The wonderful world of content routing is really limitless (well, almost).
After turning the entire system inside out, a new requirement was added: all content rules are the same across subsites, so every time a new subsite is provisioned, all the content rules need to be created. Doing this manually takes considerable time when you have many content types.
So: can we automate it?
The Routing Rules List
Content Organizer rules live in a hidden list — not accessible via “View All Content” — but it’s still an SPList. Via the SPWeb object, finding it isn’t difficult. Adding items is easy once you know the internal field names:
| Internal Name | Display Name | Type |
|---|---|---|
RoutingEnabled | Active | Yes/No |
RoutingAliases | Aliases | Single line of text |
RoutingCustomRouter | Custom Router | Single line of text |
RoutingRuleDescription | Description | Single line of text |
RoutingPriority | Priority | Single line of text |
RoutingConditionProperties | Properties used in Conditions | Multiple lines of text |
RoutingAutoFolderProp | Property for Automatic Folder Creation | Single line of text |
Route To External Location | Route To External Location | Yes/No |
ContentType | Content Type | Rule (required) |
Use these with an SPListItem to create routing rules via code. The best pattern is feature activation (scope: Web) with an activation dependency on the Content Organizer feature.
The Condition Mystery
The RoutingConditionProperties field is declared as multiline text — but it doesn’t actually store the condition operator or value. Set a condition and save the item; then edit it via the GUI and you’ll see only the column name, not the condition or value.

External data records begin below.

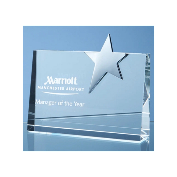 CRYSTAL HOR. RECT. WITH SILVER STAR 20CM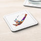 This coaster features a graphic image of a modified race car at speed.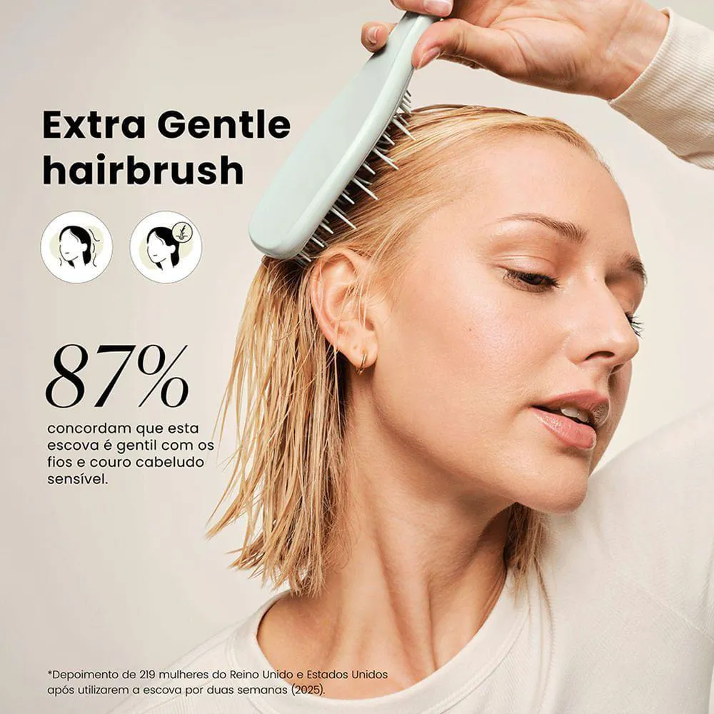 O Tangle Teezer The Ultimate Detangler Extra Gentle - Green é uma escova desembaraçadora projetada para cabelos extremamente delicados, com alta queda ou propensos a quebras, como cabelos finos, frágeis, quimicamente tratados ou pós-quimioterapia. Lançada pela Tangle Teezer, apresenta cerdas soft-flex com padrão de dentes espaçados nas bordas e mais concentrados no centro, reduzindo a tensão e minimizando a quebra. Ideal para cabelos molhados ou secos, seu design ergonômico com cabo fino facilita o uso no banho, distribuindo produtos como shampoos, condicionadores e máscaras. Fabricada na Grã-Bretanha, na cor verde eucalipto, a escova é reciclável, vegana e promove cabelos macios, brilhantes e sem frizz, sendo especialmente gentil para couros cabeludos sensíveis.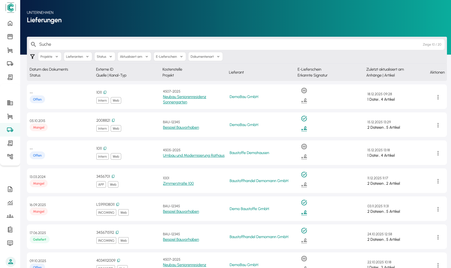 Lieferungen werden direkt digital erfasst und zentral gespeichert – unabhängig vom Lieferantenformat.

After extensive reflection on Microsoft.SharePoint.dll, I found that SharePoint converts the condition to an XML structure:
<Conditions>
<Condition ColumnName="YourFieldName" condition="IsEqual" value="YourValue" />
</Conditions>
But what happens with this XML structure after creation still isn’t entirely clear to me. If you figure it out, please leave a comment!
Practical tip: Create one rule manually via the GUI, then inspect the list item’s raw field values to understand the exact structure you need to replicate.